= Gauss–Jacobi quadrature =

In numerical analysis, Gauss–Jacobi quadrature (named after Carl Friedrich Gauss and Carl Gustav Jacob Jacobi) is a method of numerical quadrature based on Gaussian quadrature. Gauss–Jacobi quadrature can be used to approximate integrals of the form

$\int_{-1}^1 f(x) (1 - x)^\alpha (1 + x)^\beta \,dx$

where ƒ is a smooth function on [−1, 1] and α, β > −1. The interval [−1, 1] can be replaced by any other interval by a linear transformation. Thus, Gauss–Jacobi quadrature can be used to approximate integrals with singularities at the end points. Gauss–Legendre quadrature is a special case of Gauss–Jacobi quadrature with α = β = 0. Similarly, the Chebyshev–Gauss quadrature of the first (second) kind arises when one takes α = β = −0.5 (+0.5). More generally, the special case α = β turns Jacobi polynomials into Gegenbauer polynomials, in which case the technique is sometimes called Gauss–Gegenbauer quadrature.

Gauss–Jacobi quadrature uses ω(x) = (1 − x)^{α} (1 + x)^{β} as the weight function. The corresponding sequence of orthogonal polynomials consist of Jacobi polynomials. Thus, the Gauss–Jacobi quadrature rule on n points has the form

$\int_{-1}^1 f(x) (1 - x)^\alpha (1 + x)^\beta \,dx \approx \lambda_1 f(x_1) + \lambda_2 f(x_2) + \ldots + \lambda_n f(x_n),$

where x_{1}, …, x_{n} are the roots of the Jacobi polynomial of degree n. The weights λ_{1}, …, λ_{n} are given by the formula

$$\lambda_i =
  -\frac{2n + \alpha + \beta + 2}
        {n + \alpha + \beta + 1}\,
   \frac{\Gamma(n + \alpha + 1)\Gamma(n + \beta + 1)}
        {\Gamma(n + \alpha + \beta + 1)(n + 1)!}\,
   \frac{2^{\alpha + \beta}}
        {P_{n}^{(\alpha,\beta)\,\prime}(x_i) P_{n+1}^{(\alpha,\beta)}(x_i)},$$

where Γ denotes the Gamma function and P(x) the Jacobi polynomial of degree n.

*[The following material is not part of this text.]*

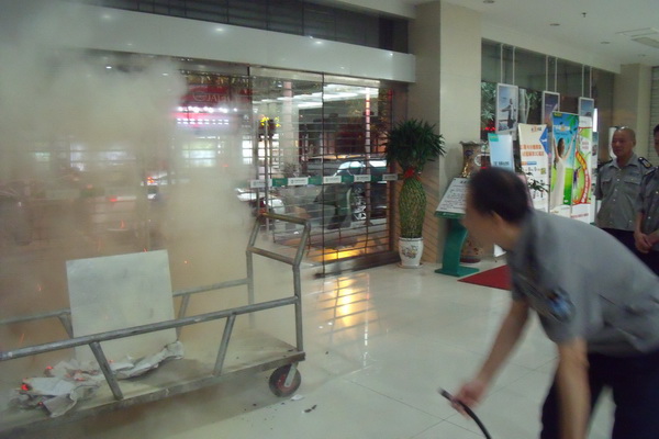 (上圖)培訓會結束后,還進行了實戰操作演練。通過這次專項教育活動,切實加強了農行保安員隊伍建設,保安員掌握了應急突發事件的處置方法,提高了保安員防范火災的安全意識和滅火、逃生、自救的能力,為銀行的正常經營和消防安全保駕護航。

The error term (difference between approximate and accurate value) is:
$$E_n = \frac{\Gamma(n+\alpha+1) \Gamma(n+\beta+1) \Gamma(n+\alpha+\beta+1)}{(2n+\alpha+\beta+1)[\Gamma(2n+\alpha+\beta+1)]^2}
\frac{2^{2+\alpha+\beta+1}}{(2n)!} f^{(2n)}(\xi),$$
where $-1 < \xi < 1$.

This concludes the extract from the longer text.